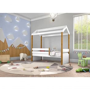 Cama acompanha grade lateral de proteção, colchão de solteiro na medida de 88x188 cm.
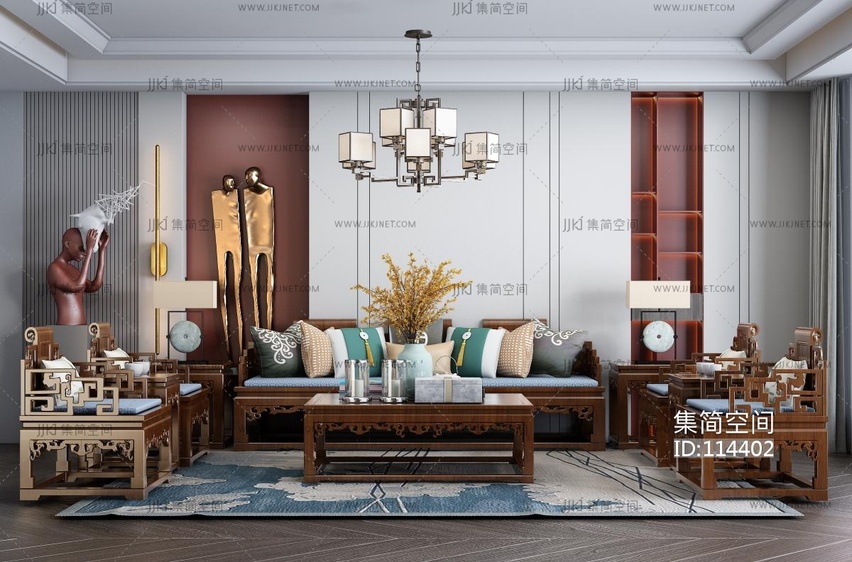 中式古典实木沙发茶几组合 3d模型下载 [模型ID:114402]
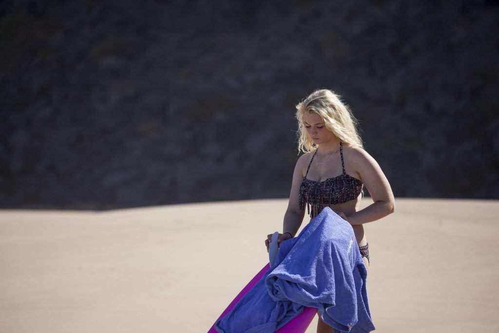 Lucie Donlan de Love Island pose pour une séance photo de surfwear à Fuerteventura. L’autoproclamée « Barbie du surf » a défilé sur la plage en bikinis et combinaisons de plongée pour la marque Protest en 2014 et 2015. Lucie est restée célibataire dans la villa après que Joe Garratt ait été évincé par le public.
========================================
WHAT TO WORK ON. Reproduce the data above line for line, from its first line through the line containing "中式古典实木沙发茶几组合 3d模型下载 [模型ID:114402]", both ends included, with the pictures omitted and nothing more.

SOLUTION FOR THIS TASK.
 Cama acompanha grade lateral de proteção, colchão de solteiro na medida de 88x188 cm.
 中式古典实木沙发茶几组合 3d模型下载 [模型ID:114402]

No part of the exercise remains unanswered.